Aug. 22–If her pink RV breaks down again, sidelined by faulty brakes and torn tires, Alma Knight will jump in her Chevy Suburban — the newest addition to her mobile healthcare fleet of two.

The gray-and-white SUV was just one of many donations given to the 51-year old traveling nurse by South Florida residents who read in Sunday’s Miami Herald about her healthcare delivery service. For the past 1 1/2 years, Knight has driven her RV — "Pinky the Health Mobile" she calls it — into South Florida’s poorest communities.

She parks along Miami’s MLK Boulevard, outside Liberty City churches and in a vacant Overtown lot where the children await "Ms. Pinky" every Monday. Recently, she added Fort Lauderdale and Pompano Beach to her territory.

Her company, Paramount Community Health Team Inc., provides free screenings for blood pressure, sugar, dental and vision along with preventive health advice and doctor referrals.

"I admire what she’s doing and I figured she could really use the vehicle," said Mark Radcliffe, 43, a contractor who donated the 1989 Suburban.

Other gifts include medical supplies and money from pastors, residents and other healthcare agencies. One local printing company plans to design a logo and flyers for the mobile clinic. A real estate consultant has offered a GPS tracking system.

As well as donating medical supplies, Miami-Dade College officials hope to send nursing student volunteers on ride-alongs with Knight.

"It’ll be great for our students to get first hand experience in helping patients," said Terrance Bolon, head of the college’s chapter of the National Student Nurses’ Association. On Tuesday, Knight’s cellphone was still abuzz with benefactors.

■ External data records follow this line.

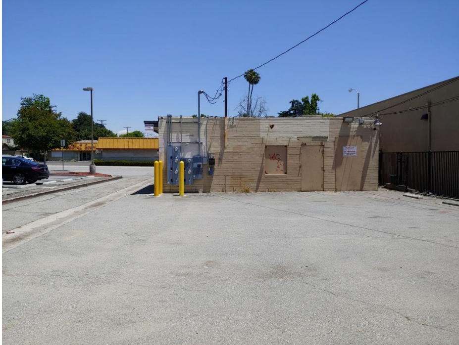
Rear elevation and parking spaces
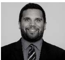
Moe Shoots Baltimore Ravens
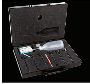
PENETRATION TEST KARSTEN PIPE TEST KIT 598 85 80-02
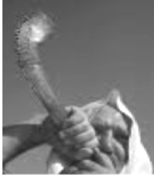
Fig. 7 c. Traditional trumpet

According to http://www.sacred-texts.com/afr/yl/y104.htm , the story of how tribal marks came to be used started when a certain King
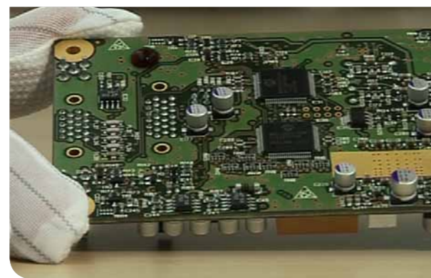
Printed circuit board coated with 3M Novec Surface Modifier

We understand that in choosing the right coating solution you require support to ensure you are using the best possible solution which meets your needs. To help answer any of your coating questions we have created a forum on our Novec Coating website where Mark will be able to support you directly.

Said Knight: "It’s been overwhelming."

After 29 years of working as a registered nurse at various South Florida hospitals, Knight said she got tired of seeing poor and minority patients treated badly.

So she decided to take healthcare to the community, she said.

Since Sunday, the cold stares she usually garners on the highway have been replaced by cheers and applause, said Knight.

While her business is for profit, she said so far she hasn’t turned one. She’ll get a small stipend for examining people at a health fair.

But her husband, Gary, 49, works double shifts for the county’s solid waste department to give her a bi-weekly allowance of about $200, which helps pay for gas.

He also does all of the mechanical work.

A month ago the brakes blew out, and two weeks ago the battery died outside Edison Middle School. Just last week the tires shredded on the highway.

"I was seriously contemplating quitting," said Knight. " ‘The outpouring has renewed my faith in humanity."